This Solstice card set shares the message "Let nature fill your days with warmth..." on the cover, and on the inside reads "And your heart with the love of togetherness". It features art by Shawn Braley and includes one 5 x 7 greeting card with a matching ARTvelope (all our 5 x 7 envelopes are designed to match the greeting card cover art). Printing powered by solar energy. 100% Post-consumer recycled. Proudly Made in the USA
===
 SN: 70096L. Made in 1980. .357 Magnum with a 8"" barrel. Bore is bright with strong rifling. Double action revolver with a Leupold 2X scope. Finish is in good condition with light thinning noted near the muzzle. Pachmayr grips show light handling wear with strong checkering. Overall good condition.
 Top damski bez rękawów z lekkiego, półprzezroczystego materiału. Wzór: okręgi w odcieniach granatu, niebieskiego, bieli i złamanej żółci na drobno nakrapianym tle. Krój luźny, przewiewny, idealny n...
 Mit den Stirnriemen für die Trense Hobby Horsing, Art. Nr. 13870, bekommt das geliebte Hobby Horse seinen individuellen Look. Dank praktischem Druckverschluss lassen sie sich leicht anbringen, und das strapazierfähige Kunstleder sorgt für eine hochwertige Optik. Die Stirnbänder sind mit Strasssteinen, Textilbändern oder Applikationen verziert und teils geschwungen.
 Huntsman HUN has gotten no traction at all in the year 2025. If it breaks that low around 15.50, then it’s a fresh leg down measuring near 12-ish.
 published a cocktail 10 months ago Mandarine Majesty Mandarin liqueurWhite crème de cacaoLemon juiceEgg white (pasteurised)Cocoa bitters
===
- [WHAT IS REQUIRED] Make a copy of each line in the records that has the word "with".

- [ANSWER BOX]
This Solstice card set shares the message "Let nature fill your days with warmth..." on the cover, and on the inside reads "And your heart with the love of togetherness". It features art by Shawn Braley and includes one 5 x 7 greeting card with a matching ARTvelope (all our 5 x 7 envelopes are designed to match the greeting card cover art). Printing powered by solar energy. 100% Post-consumer recycled. Proudly Made in the USA
 SN: 70096L. Made in 1980. .357 Magnum with a 8"" barrel. Bore is bright with strong rifling. Double action revolver with a Leupold 2X scope. Finish is in good condition with light thinning noted near the muzzle. Pachmayr grips show light handling wear with strong checkering. Overall good condition.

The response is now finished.